Proof of Claim. Note that $f_t^{-1}(\mathbf{y})$ sends the initial point $\mathbf{y}$ at time $0$ along the vector field $v_t$ up to time $t$. Consequently, $f_t^{-1}$ is a flow with the corresponding vector field $v_t$, i.e.,
$$\frac{\partial}{\partial t} f_t^{-1}(\mathbf{y}) = v_t(f_t^{-1}(\mathbf{y})).$$
Using this observation, by differentiating both sides of the identity $\mathbf{x} = f_t(f_t^{-1}(\mathbf{x}))$ with respect to $t$, we find that the material derivative of $f_t$ is zero:
$$ \frac{\partial f_t}{\partial t} + \frac{\partial f_t}{\partial \mathbf{x}} v_t = 0 $$
Here, $\frac{\partial g}{\partial \mathbf{x}}$ stands for the Jacobian matrix of the multivariable function $g : \mathbb{R}^m \to \mathbb{R}^n$, and all the vectors are regarded as column vectors. Combining these altogether,
\begin{align*}
I'(t)
&= 2 \mathbb{E}\left[ \left\langle \frac{\partial}{\partial t}(f_t(\mathbf{x}_t)), f_t(\mathbf{x}_t) - \mathbf{z} \right\rangle \right] \\
&= 2 \mathbb{E}\left[ \left\langle \frac{\partial f_t}{\partial t}(\mathbf{x}_t) + \frac{\partial f_t(\mathbf{x}_t)}{\partial \mathbf{x}_t} \dot{\mathbf{x}}_t, f_t(\mathbf{x}_t) - z \right\rangle \right] \\
&= 2 \mathbb{E}\left[ \left\langle \frac{\partial f_t(\mathbf{x}_t)}{\partial \mathbf{x}_t} \left( \dot{\mathbf{x}}_t - v_t(\mathbf{x}_t) \right), f_t(\mathbf{x}_t) - z \right\rangle \right] \\
&= 2 \dot{\sigma}_t \mathbb{E}\left[ \left\langle \frac{\partial f_t(\mathbf{x}_t)}{\partial \mathbf{x}_t} \left( \mathbf{z} - \mathbb{E}[\mathbf{z} \mid \mathbf{x}_t] \right), f_t(\mathbf{x}_t) - z \right\rangle \right]
\end{align*}
Now let $\mathbf{w}_t = \mathbf{z} - \mathbb{E}[\mathbf{z} \mid \mathbf{x}_t] $. Then $\mathbb{E}[\mathbf{w}_t \mid \mathbf{x}_t] = 0$, hence $\mathbb{E}[ \langle \mathbf{w}_t, g(\mathbf{x}_t) \rangle ] = 0$ for essentially any function $g : \mathbb{R}^d \to \mathbb{R}^d$. Using this, we can further simplify the last line as:
\begin{align*}
I'(t)
&= - 2 \dot{\sigma}_t \mathbb{E}\left[ \left\langle \frac{\partial f_t(\mathbf{x}_t)}{\partial \mathbf{x}_t} \mathbf{w}_t, \mathbf{z} \right\rangle \right] \\
&= - 2 \dot{\sigma}_t \mathbb{E}\left[ \left\langle \frac{\partial f_t(\mathbf{x}_t)}{\partial \mathbf{x}_t} \mathbf{w}_t, \mathbf{w}_t \right\rangle \right]
\end{align*}
Now, when $t = 0$,
$f_0$ is the identity function, hence its Jacobian is the identity matrix: $\frac{\partial f_0}{\partial \mathbf{x}} = \mathbf{I}$.

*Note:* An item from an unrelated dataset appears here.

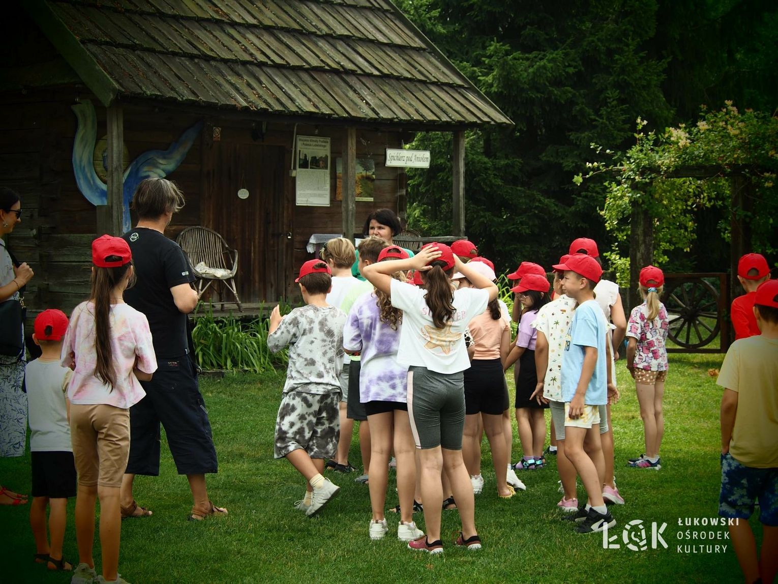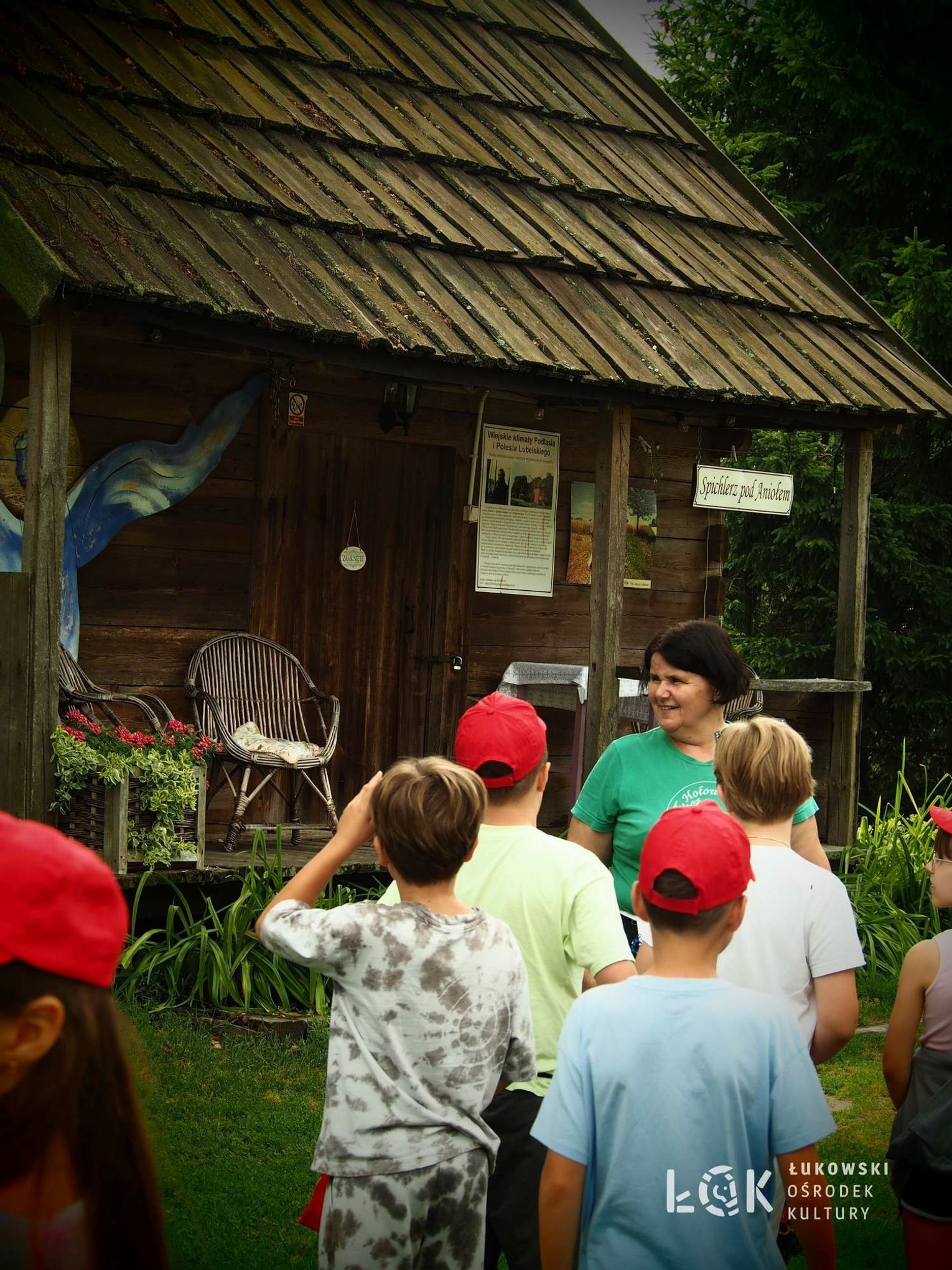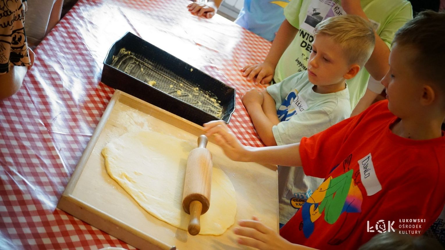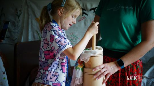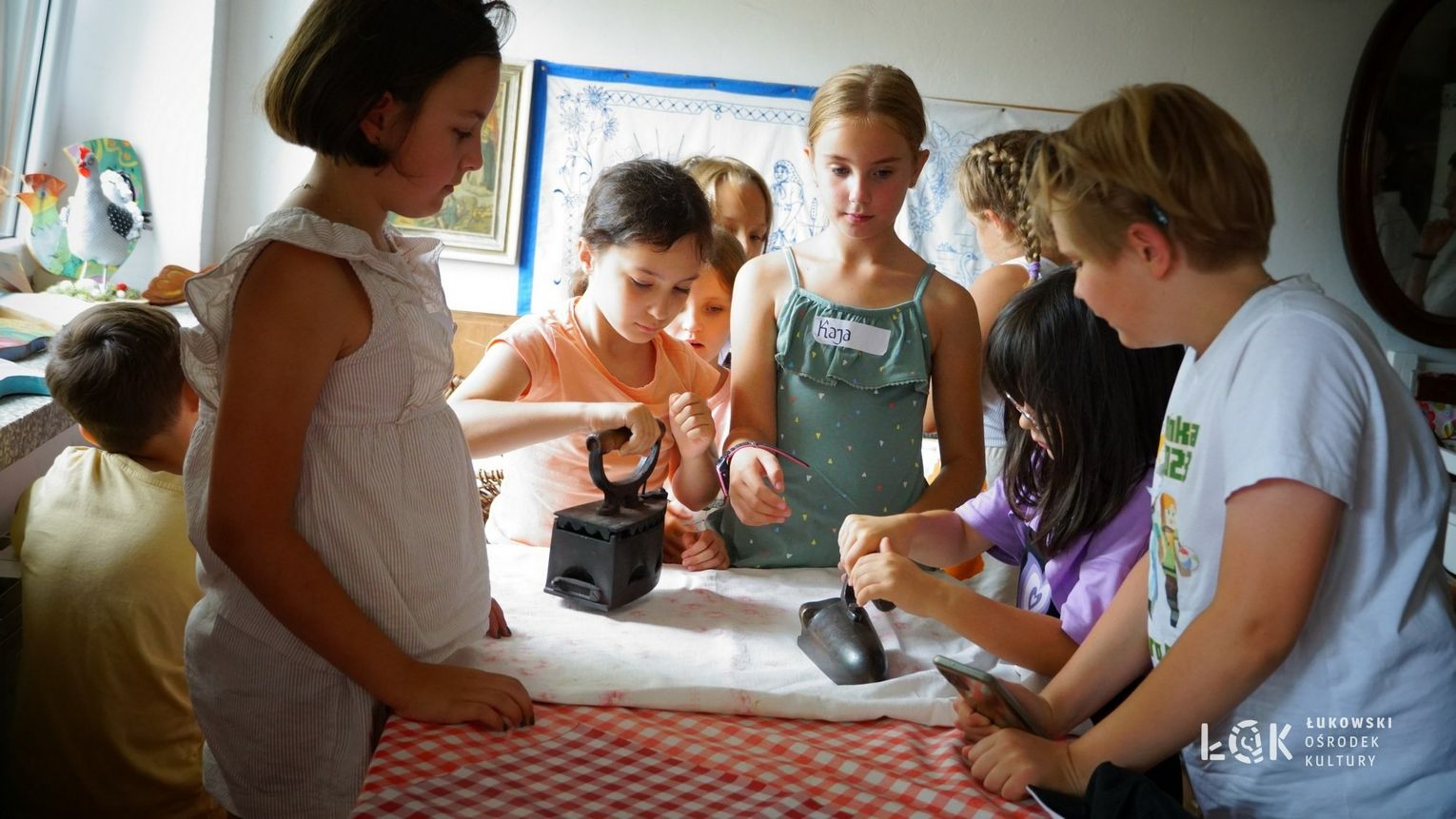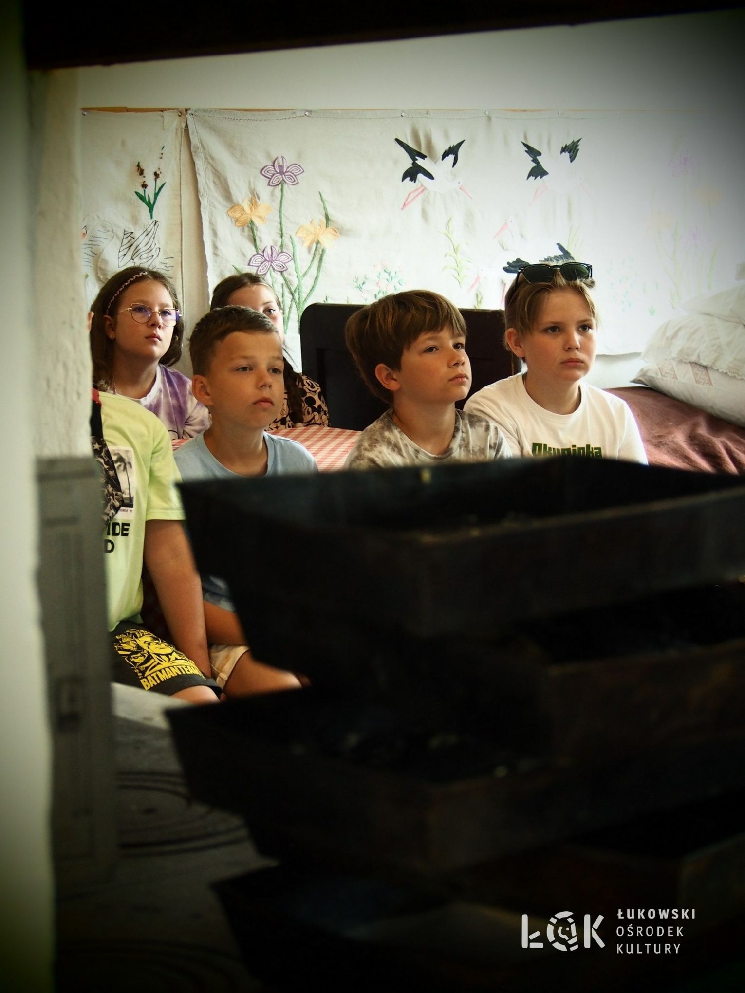 Kraina Rumianku to wioska tematyczna, w której dzieci, młodzież oraz dorośli mogą doświadczyć, jak żyli, pracowali i odpoczywali nasi przodkowie. Wszystko to dzieje się w scenerii polskiej wsi, gdzie dawne obyczaje są wciąż żywe i praktykowane. Dzieci z Łukowskiego Ośrodka Kultury wzięły udział w warsztatach „Od ziarna do chleba”, podczas których poznali tradycyjne sposoby uprawy zboża i jego przechowywania, nauczyły się młócenia cepem, czyszczenia ziarna, mielenia zboża w kamiennych żarnach. Miały także okazję przygotowywać ciasto i upiec w piecu chlebowym słodkie rogaliki, które potem mogły zjeść ze smakiem. Następnie uczestnicy zajęć w ŁOK wzięli udział w warsztatach „Dawne zajęcia domowe”, w trakcie których miały okazję m.in. wyprasować i wymaglować bieliznę, własnoręcznie upraną wcześniej w balii, zobaczyć, jak wyglądała dawna wiejska izba i co się w niej działo do świtu do zmierzchu, ubić masło w maselnicy i zjeść je ze smakiem z chlebem oraz nauczyć się prasowania żelazkiem na węgiel i z duszą. Uczestnicy warsztatów oprócz walorów edukacyjnych i integracyjnych, spędzili twórczo czas. Dodatkowo mogli czerpali radość z poznawania dziedzictwa kulturowego i przyrodniczego naszego regionu.

$\mathbf{w}_0 = \mathbf{z} - \mathbb{E}[\mathbf{z} \mid x_0 = x] = \mathbf{z}$, where the last equality follows from the independence between $\mathbf{z}$ and $\mathbf{x}$.
Consequently,
$$ I'(0) = -2\dot{\sigma}_0 \mathbb{E}[\|\mathbf{z}\|^2] = -2\dot{\sigma}_0 d, $$
and the conclusion follows from the continuity of $I'(t)$.